Turnbull was hungry—sometimes too hungry. From the beginning he had an ability to piss people off, and he stepped on a few toes as he learned his way around. Something like this happened once too often for Channel Ten’s Paul Mullins who, ticked off by some snide Turnbull remark, decked him. As then premier Morris Iemma told the NSW parliament in a speech to mark the retirement of ‘Mullows’ after more than thirty years:
There was a new freelancer in the gallery with a few tickets on himself. This ambitious young turk, in very typical fashion, said something to which Mullows took exception. Next minute the offender was on his back on the ground. This was not the first or the last time that Malcolm Turnbull has come off second-best!68
Turnbull himself remembers the incident, if not precisely what set Mullins off: ‘I said something to him which suggested he had done a very soft story on a politician that deserved something harder and his reaction was immediate and kinetic.’69
Turnbull cut a cool figure on television. Archival footage from Channel Nine shows the scowling cub reporter in an open-necked shirt and safari suit, with a thick mop of hair and sideburns, putting important if longwinded questions to young attorney-general Frank Walker about legalising victimless crimes, and seated at a Neville Wran presser attacking Fraser’s surprise revaluation of the currency in the days before the dollar’s float.

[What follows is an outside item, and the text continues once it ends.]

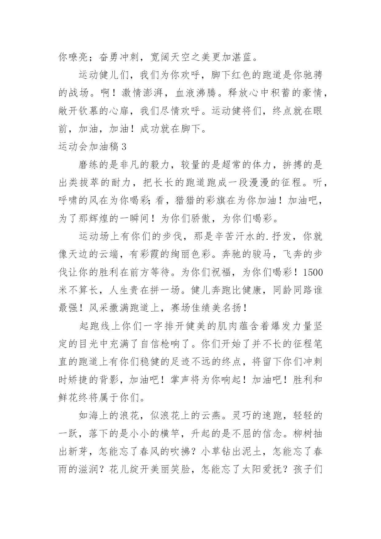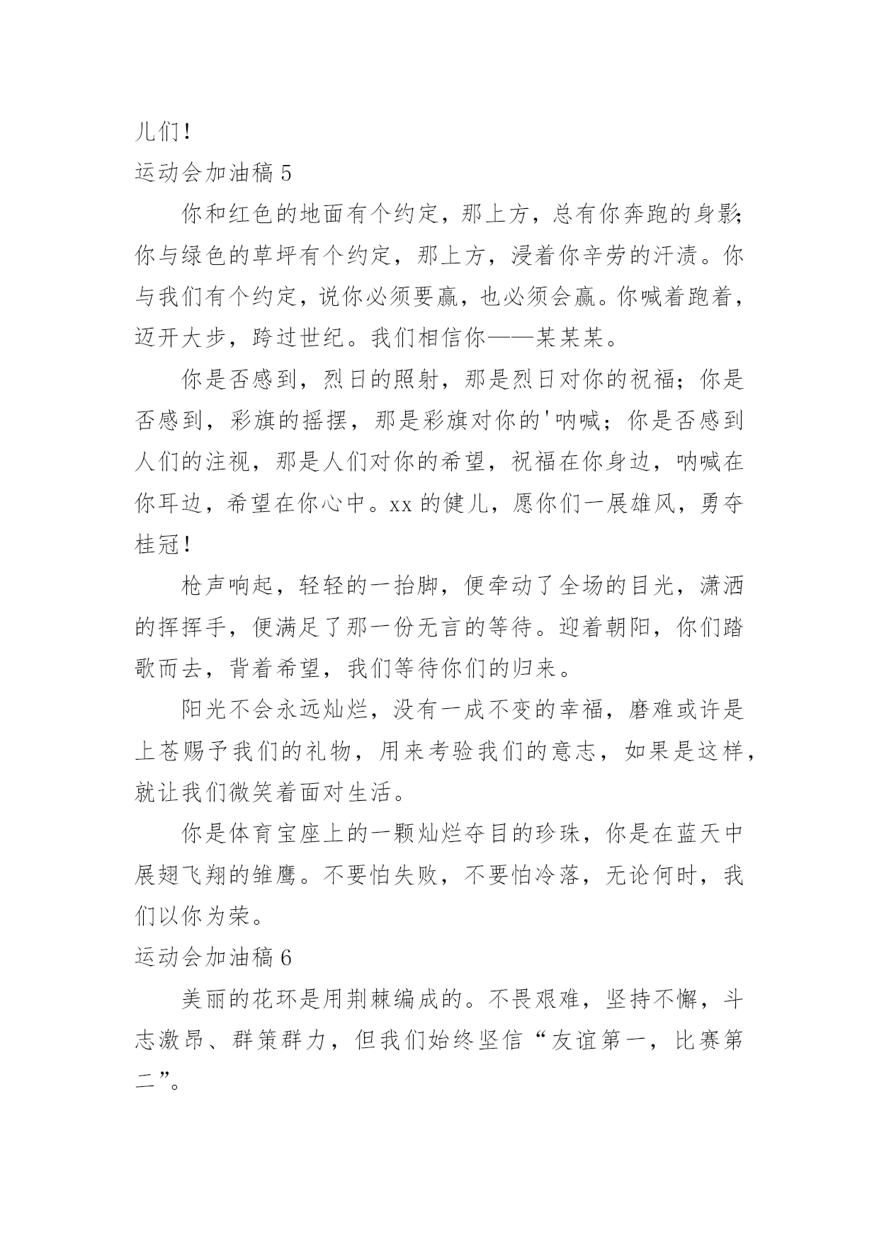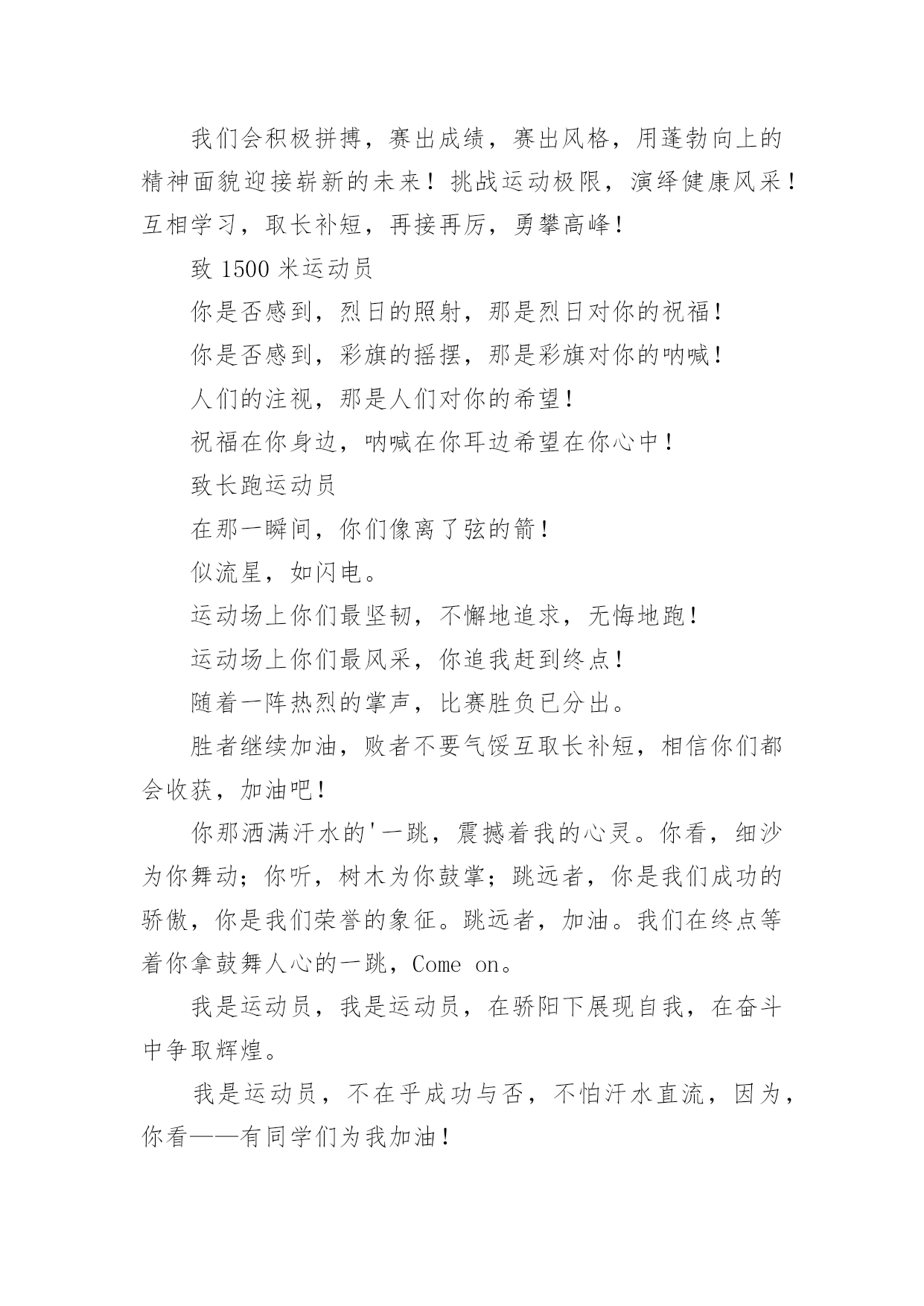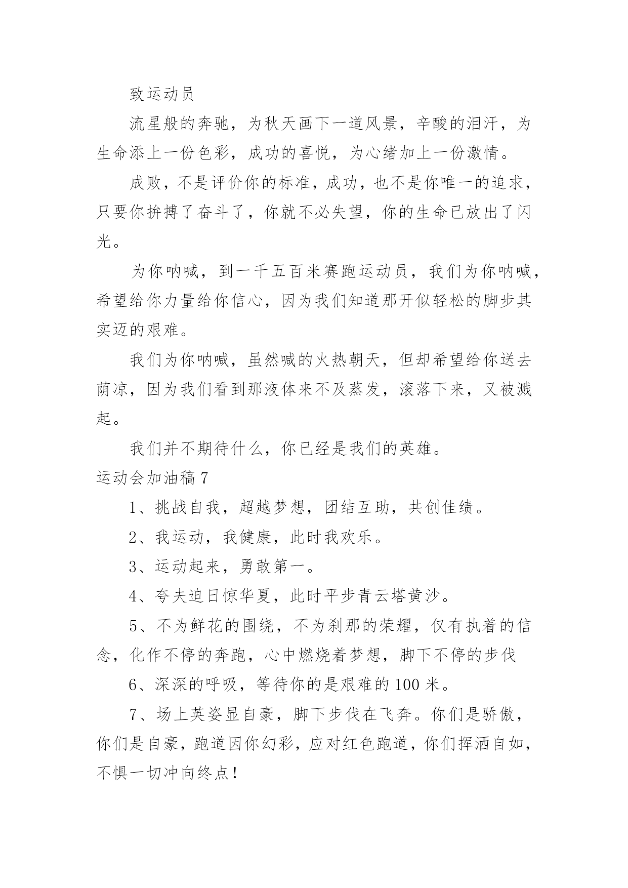 运动会加油稿运动会加油稿(集锦15篇)在现在的社会生活中,我们很多时候都不得不用到加油稿,加油稿可以给予对方克服困难的勇气和信心。你所见过的加油稿是什么样的呢?以下是小编为大家整理的运动会加油稿,希望能够帮助到大家。运动会加油稿11、奥林匹克精神佳,运动健将拼搏强。在运动场上的运动健儿们,发挥你们的特长,展示你们的风采,让你们的身影在运动场上留下优美的风景线,让你们的雄心壮志在运动场上发挥的淋漓尽致。2、山不在高,有仙则名;水不在深,有龙则灵;人不在多,有你则行。运动员们,你们那英姿飒爽豪迈的步履,深深地牵引着我们这些观众的心,让我们不分班级情不自禁的为你们呐喊,不由自主的为你们的胜利而兴奋。你们——运动场上的灵魂,你们——烈日下的主宰者,你们——我们之中的佼佼者,你们——我们骄傲的理由……因为有你,我们感到自豪。因支持,我们必胜!3、在生活中,有成功,也会有失败。因此,我们要放飞生命,也许远方很渺茫,也许我们要被“倾覆于人生的荆棘”刺伤,但我们仍无怨无悔。放飞,即使是黄昏,也必然布满歌唱的流霞,因为我们坚信,不经过战斗的舍弃是虚伪的,不经过劫难磨炼的超脱是轻佻的,逃避显示的明哲是卑怯的。4、谁能在这场激烈的竞争中获胜?让我们拭目以待,让我们为他们呐喊助威吧!只有将力量与技巧合二为一的人,才能获得胜利的桂冠!5、不到最后一刻,绝不轻言放弃,责成了你们的信仰,也成了我们的信仰,运动员们,飞吧!翅膀属于你。致百米运动员最想目睹的是你的风姿,最想倾听的是你的呼吸,最想感觉的是你呼啸而过的骤风,今日,你们是焦点;今日,你们是骄傲;今日,我们看你们创造辉煌。6、有多少次挥汗如雨,伤+痛曾添满记忆,只因为始终相信,去拼搏才能胜利。总在鼓舞自己,要成功就得努力。热血在赛场沸腾,巨人在赛场升起。相信自己,你将赢得胜利,创造奇迹;相信自己,梦想在你手中,这是你的天地。当一切过去,你们将是第一。相信自己,你们将超越极限,超越自己!相信自己,加油吧,健儿们,相信你自己。7、可敬的运动员,努力吧,前进吧,你们是强者,能战胜困难,奋勇进取;你们是鲜花,能给我班增添一道亮丽的风景线;你们是水滴的源泉,愿你们能发挥出令人意想不到的成绩;你们是佼佼者,是独一无二的,加油吧!我们的希望都寄托在你们的身上。8、在操场上,除了同学以外,还有我们的老师。今日在操场上,他们以自己的行动,为我们树立努力拼搏的榜样。虽然鬓角已有白发,皱纹已上眼角,但这些无法遮掩年轻的心!早晨的阳光照在每个人的身上,拼搏属于每个年轻的`心房。9、拼搏者,你是赛场上最亮的点。在你的眼中,不在乎胜利的欢乐与失败的眼泪,完全只是为了展示生命跳跃的节拍。奋斗者,你是生命乐章中最响的音符,在你的心中,只有不停奋斗的信念,用自己坚定的步伐去迈开人生新的旅程。场上的运动员,你是我们永远的骄傲!10、大地属于你,蓝天属于你,在你一跃的瞬间,同时跃出了我们的希望。草儿欣赏你,白云欢迎你,身轻如燕,飞跃蓝天,奥林匹克精神在你的身上体现。跳吧,跳出你的自信,跳出你的顶尖,跳出你的胜利山巅。运动会加油稿2或许会有人认为赛场是男生的天下,但在赛场上却活跃着许多女生的身影。他们与男生一样驰骋赛场,拼搏赛场,也与男生一样拥有了胜利的喜悦,拥有了令人羡慕的'掌声与鲜花;他们的飒爽风姿引人注目,在他们身上折射出有如女足运动员般的坚定信念与不屈精神,他们是盛开在赛场上的铿锵玫瑰,他们是一朵朵充满生命力的铿锵玫瑰,是一朵朵洋溢着青春朝气的铿锵玫瑰。祝愿每朵铿锵玫瑰都能怒放在人生的道路上。祝愿每朵铿锵玫瑰都能傲立在拼搏的赛场上。运动员,我们为你加油!运动员,我们为你喝彩!健步腾飞,冲向终点之路不再遥远;英姿飒爽,诚挚欢呼之声因你嘹亮;奋勇冲刺,宽阔天空之美更加湛蓝。运动健儿们,我们为你欢呼,脚下红色的跑道是你驰骋的战场。啊!激情澎湃,血液沸腾。释放心中积蓄的豪情,敞开钦慕的心扉,我们尽情欢呼。运动健将们,终点就在眼前,加油,加油!成功就在脚下。运动会加油稿3磨练的是非凡的毅力,较量的是超常的体力,拚搏的是出类拔萃的耐力,把长长的跑道跑成一段漫漫的征程。听,呼啸的风在为你喝彩;看,猎猎的彩旗在为你加油!加油吧,为了那辉煌的一瞬间!为你们骄傲,为你们喝彩。运动场上有你们的步伐,那是辛苦汗水的.抒发,你就像天边的云端,有彩霞的绚丽色彩。奔驰的骏马,飞奔的步伐让你的胜利在前方等待。为你们祝福,为你们喝彩!1500米不算长,人生贵在拼一场。健儿奔跑比健康,同龄同路谁最强!风采撒满跑道上,赛场佳绩美名扬!起跑线上你们一字排开健美的肌肉蕴含着爆发力量坚定的目光中充满了自信枪响了。你们开始了并不长的征程笔直的跑道上有你们稳健的足迹不远的终点,将留下你们冲刺时矫捷的背影,加油吧!掌声将为你响起!加油吧!胜利和鲜花终将属于你们。如海上的浪花,似

Over Christmas 1976, Turnbull again took off to London for holidays. While there he spoke at a Cambridge Union debate. Bob Ellis would later claim Turnbull ‘quoted without attribution my attacks on the English’ in his speech.70 Sitting in the audience was the legendary editor of the UK’s Sunday Times, Harold Evans, who later sent Turnbull a handwritten note: ‘Dear Turnbull—magnificent speech. See me in the Gray’s Inn Road tomorrow.’ Turnbull later said it was like getting ‘a message from God’:71 ‘Harry Evans was a hero to every young journalist of my generation. At the Sunday Times he had championed investigative journalism, exposed the horrors of thalidomide. He personified the ideals of independent journalism.’72
Next day at The Times’ office, Evans offered him a job on the spot, but Turnbull said he needed to go home to finish his law degree. A difficult decision: this was one of the best gigs journalism could offer, anywhere in the world. Evans then was at the peak of his powers, and the weekly newspaper’s crack ‘Insight’ team of investigative journalists had unrivalled influence. Evans had hired quite a few Australians, who went on to great things. Evans told Turnbull: ‘Don’t do that. Think of what awaits you. Law will certainly make you more money than journalism—but where does it end? Chief Justice? Or much worse, you could end up a politician.’73
Turnbull took it on board. From London he made an impromptu dash to the United States when Rupert Murdoch announced he would buy New York Magazine and the Village Voice newspaper, landing himself on the cover of Time. Turnbull rustled up a freelance film crew and, desperate for an interview, called Murdoch at his New York Post offices: ‘He was not giving interviews to anybody. So I just started dialling one extension after another. And finally I fluked it—I got through to the extension on Rupert Murdoch’s desk. I said something like “Jeez, Rupert Murdoch. You’ve got to help me out. I’m completely screwed!”’74
The Channel Nine footage shows a bemused, surprisingly groovy Murdoch, then forty-five, in a heavy brown turtleneck, braving a windy Manhattan street to field a few questions from his upstart compatriot. Turnbull was mainly interested in whether Murdoch would impose his conservative politics on his two new mastheads, particularly given the uproar over his blatant campaign against Whitlam in 1975, which led to a staff walkout at The Australian. It was especially pertinent for the radical Village Voice, an underground paper that staff feared could be turned into a daily or a supplement to the Post.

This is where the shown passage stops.